### What the task requires
All the entries need to be quoted exactly, apart from the pictures, which you should drop.

Content starts

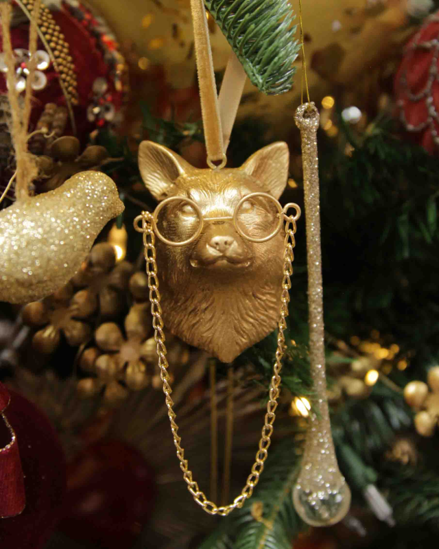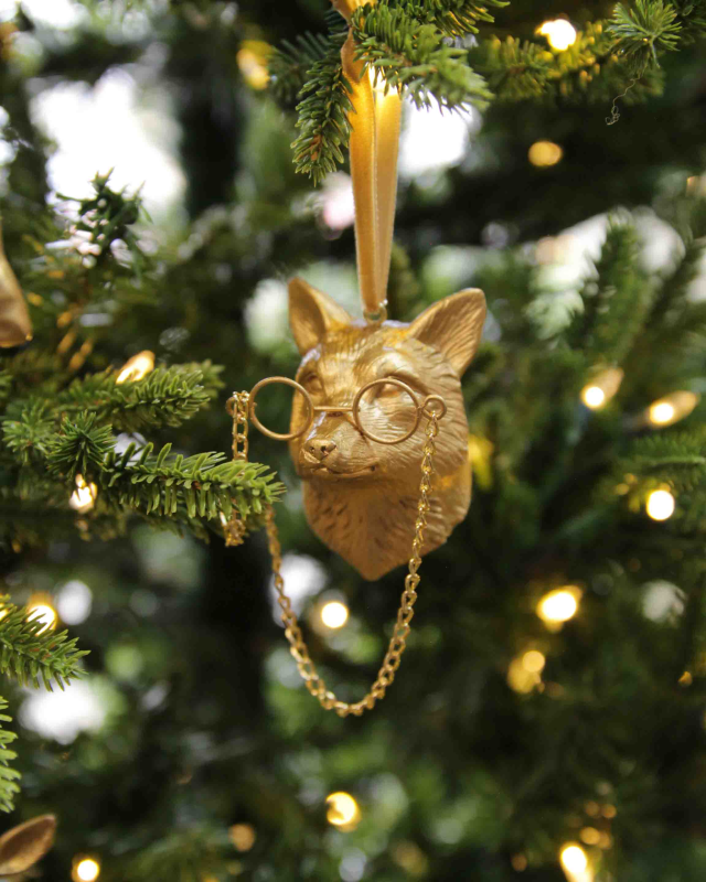 Embrace the quiet elegance of the woodland with Eloise the Fox ornament, a sophisticated centerpiece from the beloved Eric & Eloise Collection by artist Jessica Hiemstra. Eloise, the titular fox, embodies grace and wisdom. This particular rendition is finished in a luxurious gold, highlighting her keen features and the distinguished glasses she wears.
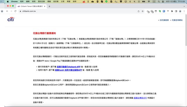→ zjk4451: 連信用卡明細都沒 花旗至少功能還有做 08/11 16:06
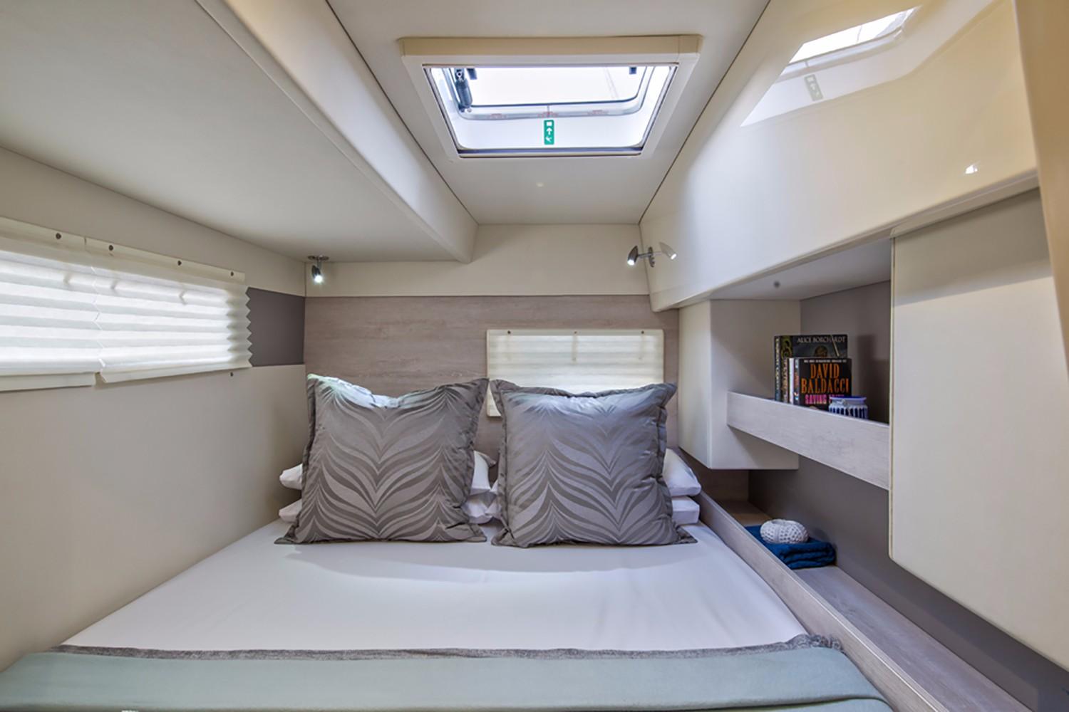 The stepped hull design adds interior volume above the waterline, allowing for roomier accommodations in the hulls without sacrificing the performance of the yacht. With narrower hulls and less wetted surface below the waterline, the Leopard 43 PC reaches an impressive maximum speed of 24 knots and maintains exceptional fuel efficiency consistent with all Leopard power catamaran models.
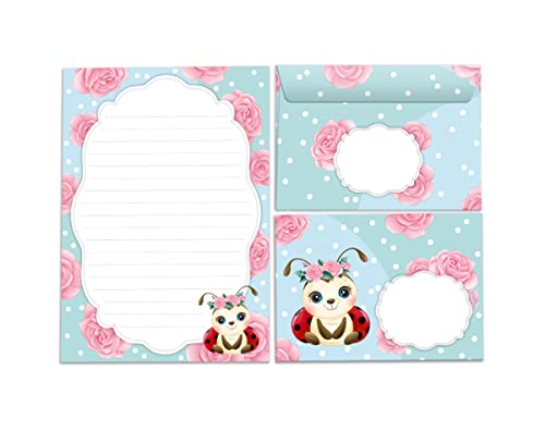 Brevblock med kuvert för barn nyckelpiga brevpapper set för flickor (lock A5 med 25 ark 15 kuvert)
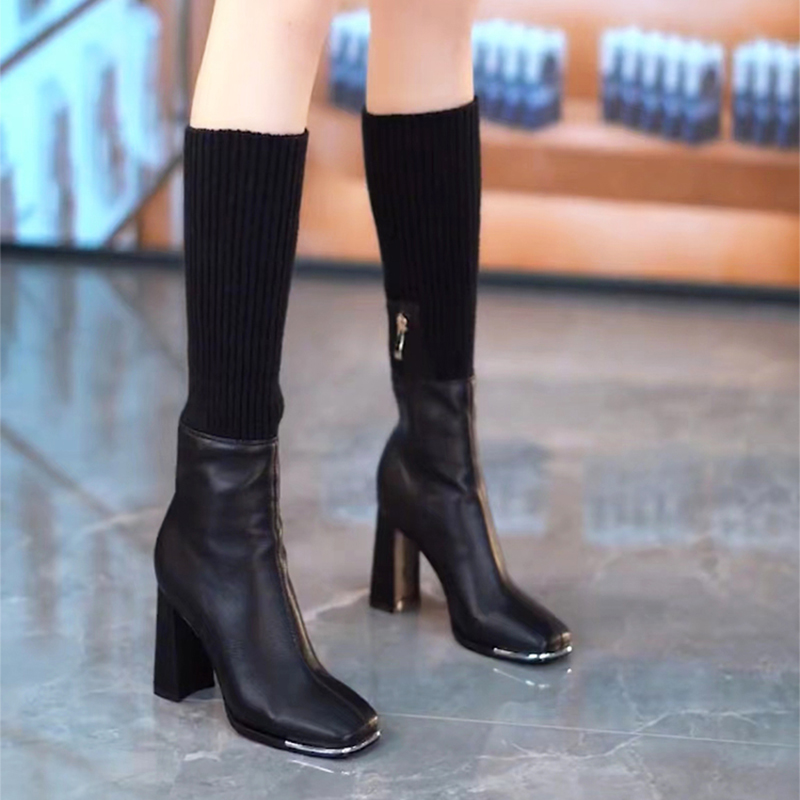 品牌鞋针织弹力马丁靴女2025秋冬新款方头粗跟切尔西高跟真皮短靴
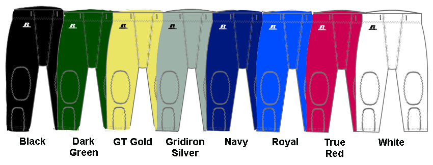 Colors: 92% Nylon/8% Spandex. White: 92% Polyester/8% Spandex. Pant body. 2 1/2 " Elastic tunnel waist with gripper technology. No fly front. Double duke gusset and 3 piece back. Thigh and knee pad pockets. Gathered elastic leg openings. Cover seamed. R Russell right hip. Coordinating ADULT style F2526MF.
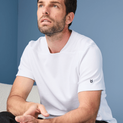 T-shirt épais col signature en Coton Bio - Blanc - Homme
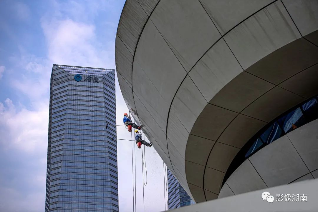 ■ 2020年5月13日,梅溪湖大剧院,工作人员正在清洁外墙。
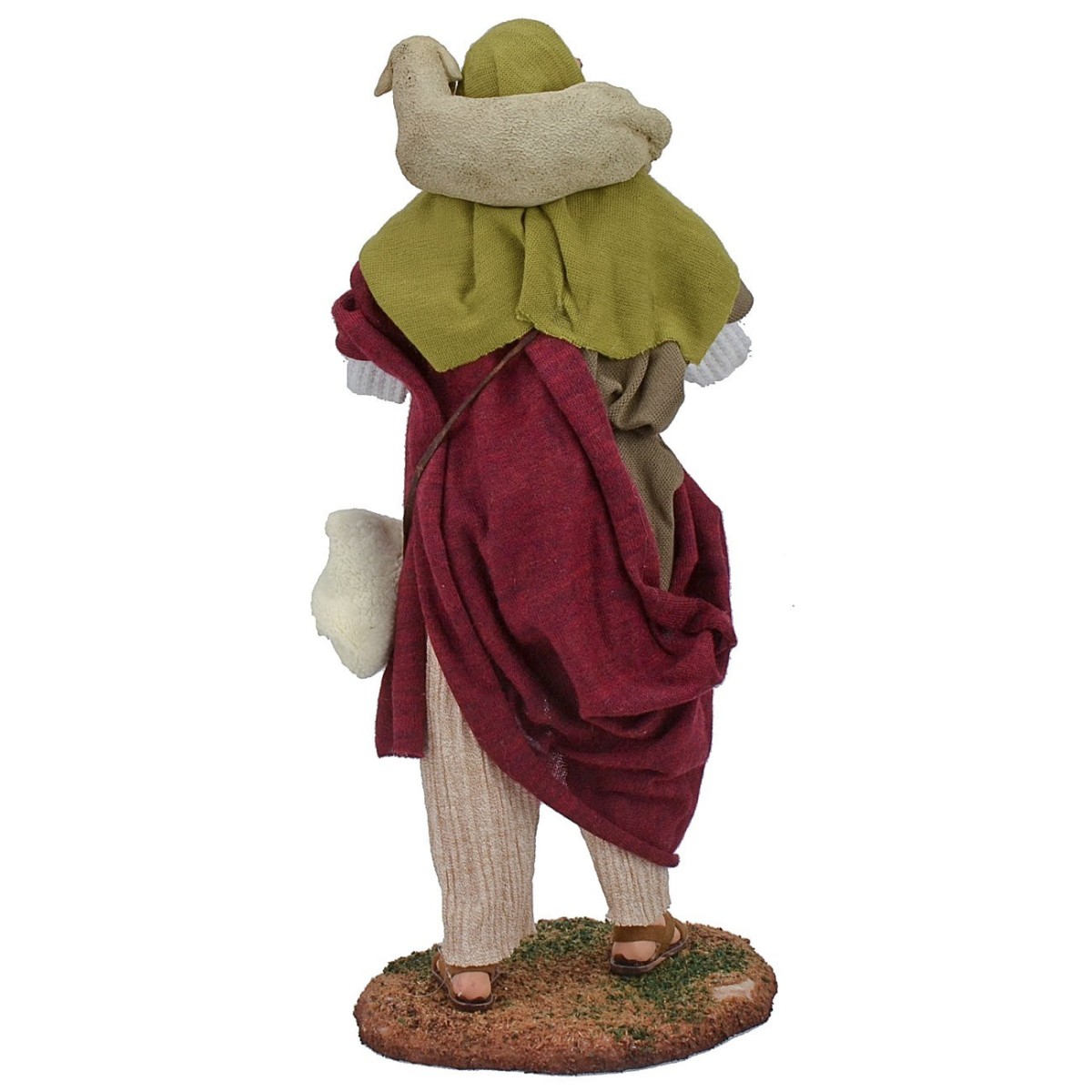 Uomo palestinese con sacca a tracolla e agnello tenuto sulle spalle. Statua artistica per presepe di altezza 30 cm realizzata in resina, la meticolosità nello studio dei dettagli e l'espressività dei visi sono caratteristiche che contraddistinguono tutta la serie Pigini oltre che abiti in tessuti finemente cuciti a seconda dei soggetti. E' possibile modificare la posizione di ogni statue ed eliminare la base a seconda delle esigenze. Si fa presente che essendo un prodotto totalmente artigianale i colori degli abiti potrebbero variare.
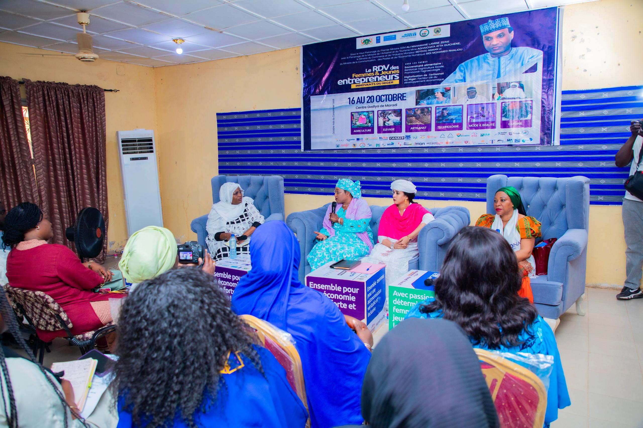 Dans l’après-midi la Présidente du Comité de gestion du FSSP a co-animé avec la Ministre de l’Artisanat et du Tourisme, la Représentante Résidente du PNUD au Niger, un panel de haut niveau sur le thème: » Investir dans les femmes du Niger pour accroître leur résilience face aux effets du changement climatique « .
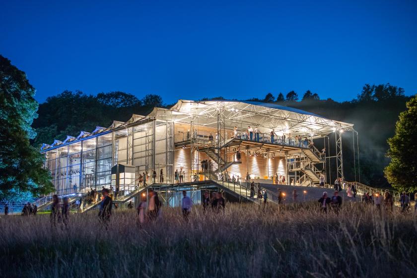 If the modern performance history of the Vespers splits into ecclesiastical and theatrical camps, then this felt like an unapologetically operatic evening. The airy yet intimate pavilion at Wormsley (pictured below by Clive Barda), where scents from the flower garden wafted in on a cooling breeze as the light of a scorching day dwindled, is an opera house, after all. And the Monteverdi celebrated here was the creator of Orfeo and L'incoronazione di Poppea rather than the genius journeyman shackled to the church’s calendar. PJ Harris’s staging, and Rob Casey’s lighting, accentuated every moment of drama as chorus and soloists moved around the stage (and sometimes stalked the auditorium as well). Bigger groups morphed into smaller units, then reassembled. Single singers, or sometimes half the choir, occupied the two upper galleries on either side of the stage. As dusk fell, spotlights in the gathering gloom pulled off a succession of visual coups.
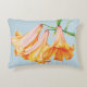 Bell orange ist ein kunstvolles Kissen in himmelblauer Farbe, das aus einem originalen Bleistift und Aquarellmalerei "Lilies" von Sarah Trett entworfen wurde.
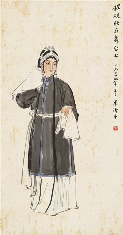 北京画院藏叶浅予中国画《程砚秋在舞台上》。 |
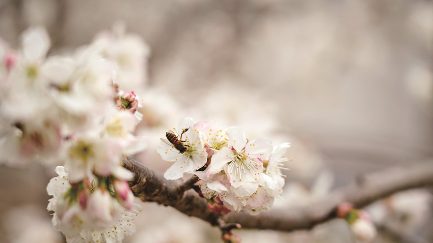 在冷磧鎮(zhèn)杵坭村,一場新雨過后,空氣中混雜著泥土與櫻桃花的芬芳,花朵們正迎春綻放,一簇簇、一串串,密密匝匝地綴滿枝頭,散發(fā)出沁人心脾的花香,蜜蜂飛舞在櫻桃花樹間,為一個(gè)月之后的豐收而忙碌。沿著觀光大道,綿延數(shù)公里的櫻桃花吸引了不少游客前來游玩打卡。
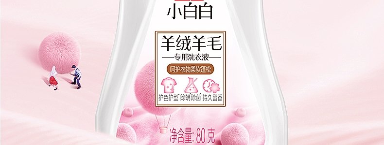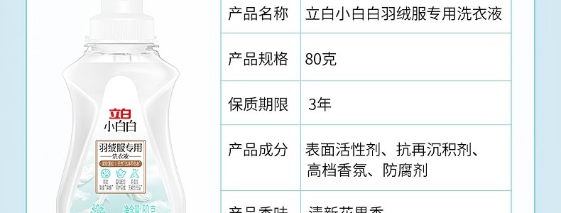 商品名称:立白 小白白羊绒羊毛80g*1瓶+小白白羽绒服洗衣液80g*1瓶+至彩炫白液80g*1瓶
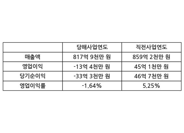 이번사업연도의 매출액은 직전사업연도 대비 -4.81% 감소한 817억 9천만 원, 영업이익은 -13억 4천만 원, 당기순이익은 -33억 3천만 원이라고 공시했다.
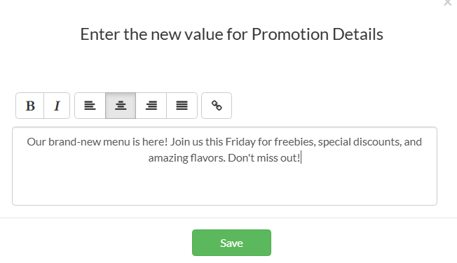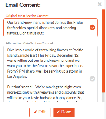 You can also edit the content (body) of your emails, though the available options depend on where the email was generated. Most email blasts are created from Promotions, which offer more flexibility and customization than those generated from Events.
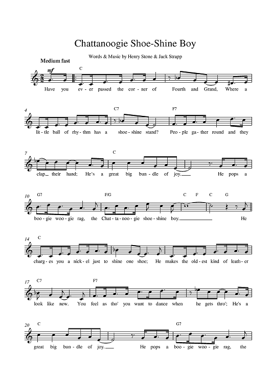 Digital Sheet Music for Chattanoogie Shoe-Shine Boy by Glenn Miller, STONE And STAPP scored for Lead Sheet; id:380713
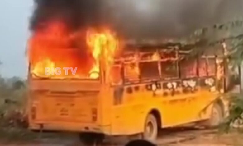 ڈرائیور–کلینر میں جھگڑا… اسکول بس کو آگ کے حوالے
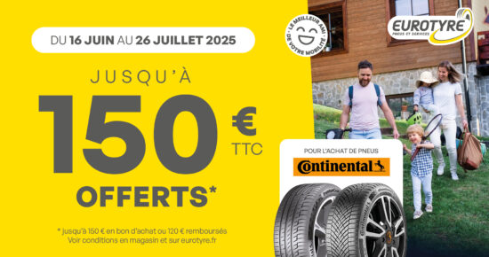 Les réductions et promotions proposées par Eurotyre et le manufacturiers favorisent l’accessibilité aux plus grandes marques de pneus : Continental, Pirelli ou encore Michelin. Ces marques de prestige bénéficient d’un savoir-faire exceptionnel, ne passez pas à côté !
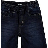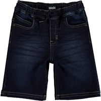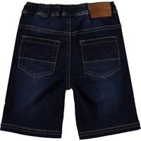Ali is een donkerblauwe korte spijkerbroek met een comfortabele en losse pasvorm. Het heeft een elastische taille die wordt aangepast met koordjes.
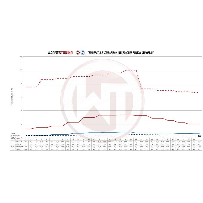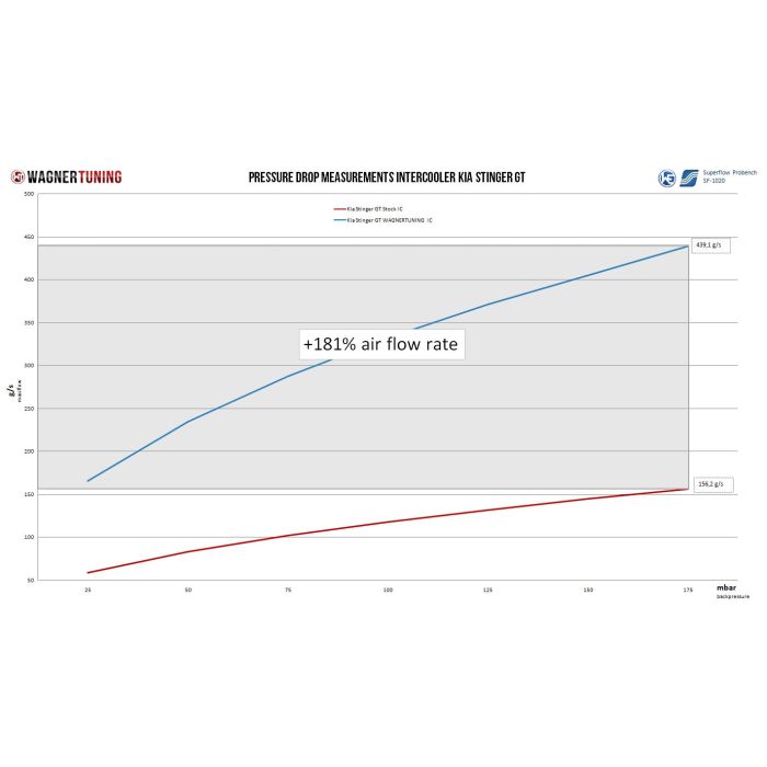 Inżynierowie Wagner Tuning zwiększyli rozmiar i wydajność rdzenia intercoolera, a także ulepszyli konstrukcję boczków, aby usunąć wszelkie wąskie gardła OEM, co skutkuje zwiększonym natężeniem przepływu i poprawą chłodzenia przepływającego powietrza.

Content ends

### Expected answer
 Embrace the quiet elegance of the woodland with Eloise the Fox ornament, a sophisticated centerpiece from the beloved Eric & Eloise Collection by artist Jessica Hiemstra. Eloise, the titular fox, embodies grace and wisdom. This particular rendition is finished in a luxurious gold, highlighting her keen features and the distinguished glasses she wears.
→ zjk4451: 連信用卡明細都沒 花旗至少功能還有做 08/11 16:06
 The stepped hull design adds interior volume above the waterline, allowing for roomier accommodations in the hulls without sacrificing the performance of the yacht. With narrower hulls and less wetted surface below the waterline, the Leopard 43 PC reaches an impressive maximum speed of 24 knots and maintains exceptional fuel efficiency consistent with all Leopard power catamaran models.
 Brevblock med kuvert för barn nyckelpiga brevpapper set för flickor (lock A5 med 25 ark 15 kuvert)
 品牌鞋针织弹力马丁靴女2025秋冬新款方头粗跟切尔西高跟真皮短靴
 Colors: 92% Nylon/8% Spandex. White: 92% Polyester/8% Spandex. Pant body. 2 1/2 " Elastic tunnel waist with gripper technology. No fly front. Double duke gusset and 3 piece back. Thigh and knee pad pockets. Gathered elastic leg openings. Cover seamed. R Russell right hip. Coordinating ADULT style F2526MF.
 T-shirt épais col signature en Coton Bio - Blanc - Homme
 ■ 2020年5月13日,梅溪湖大剧院,工作人员正在清洁外墙。
 Uomo palestinese con sacca a tracolla e agnello tenuto sulle spalle. Statua artistica per presepe di altezza 30 cm realizzata in resina, la meticolosità nello studio dei dettagli e l'espressività dei visi sono caratteristiche che contraddistinguono tutta la serie Pigini oltre che abiti in tessuti finemente cuciti a seconda dei soggetti. E' possibile modificare la posizione di ogni statue ed eliminare la base a seconda delle esigenze. Si fa presente che essendo un prodotto totalmente artigianale i colori degli abiti potrebbero variare.
 Dans l’après-midi la Présidente du Comité de gestion du FSSP a co-animé avec la Ministre de l’Artisanat et du Tourisme, la Représentante Résidente du PNUD au Niger, un panel de haut niveau sur le thème: » Investir dans les femmes du Niger pour accroître leur résilience face aux effets du changement climatique « .
 If the modern performance history of the Vespers splits into ecclesiastical and theatrical camps, then this felt like an unapologetically operatic evening. The airy yet intimate pavilion at Wormsley (pictured below by Clive Barda), where scents from the flower garden wafted in on a cooling breeze as the light of a scorching day dwindled, is an opera house, after all. And the Monteverdi celebrated here was the creator of Orfeo and L'incoronazione di Poppea rather than the genius journeyman shackled to the church’s calendar. PJ Harris’s staging, and Rob Casey’s lighting, accentuated every moment of drama as chorus and soloists moved around the stage (and sometimes stalked the auditorium as well). Bigger groups morphed into smaller units, then reassembled. Single singers, or sometimes half the choir, occupied the two upper galleries on either side of the stage. As dusk fell, spotlights in the gathering gloom pulled off a succession of visual coups.
 Bell orange ist ein kunstvolles Kissen in himmelblauer Farbe, das aus einem originalen Bleistift und Aquarellmalerei "Lilies" von Sarah Trett entworfen wurde.
 北京画院藏叶浅予中国画《程砚秋在舞台上》。 |
 在冷磧鎮(zhèn)杵坭村,一場新雨過后,空氣中混雜著泥土與櫻桃花的芬芳,花朵們正迎春綻放,一簇簇、一串串,密密匝匝地綴滿枝頭,散發(fā)出沁人心脾的花香,蜜蜂飛舞在櫻桃花樹間,為一個(gè)月之后的豐收而忙碌。沿著觀光大道,綿延數(shù)公里的櫻桃花吸引了不少游客前來游玩打卡。
 商品名称:立白 小白白羊绒羊毛80g*1瓶+小白白羽绒服洗衣液80g*1瓶+至彩炫白液80g*1瓶
 이번사업연도의 매출액은 직전사업연도 대비 -4.81% 감소한 817억 9천만 원, 영업이익은 -13억 4천만 원, 당기순이익은 -33억 3천만 원이라고 공시했다.
 You can also edit the content (body) of your emails, though the available options depend on where the email was generated. Most email blasts are created from Promotions, which offer more flexibility and customization than those generated from Events.
 Digital Sheet Music for Chattanoogie Shoe-Shine Boy by Glenn Miller, STONE And STAPP scored for Lead Sheet; id:380713
 ڈرائیور–کلینر میں جھگڑا… اسکول بس کو آگ کے حوالے
 Les réductions et promotions proposées par Eurotyre et le manufacturiers favorisent l’accessibilité aux plus grandes marques de pneus : Continental, Pirelli ou encore Michelin. Ces marques de prestige bénéficient d’un savoir-faire exceptionnel, ne passez pas à côté !
Ali is een donkerblauwe korte spijkerbroek met een comfortabele en losse pasvorm. Het heeft een elastische taille die wordt aangepast met koordjes.
 Inżynierowie Wagner Tuning zwiększyli rozmiar i wydajność rdzenia intercoolera, a także ulepszyli konstrukcję boczków, aby usunąć wszelkie wąskie gardła OEM, co skutkuje zwiększonym natężeniem przepływu i poprawą chłodzenia przepływającego powietrza.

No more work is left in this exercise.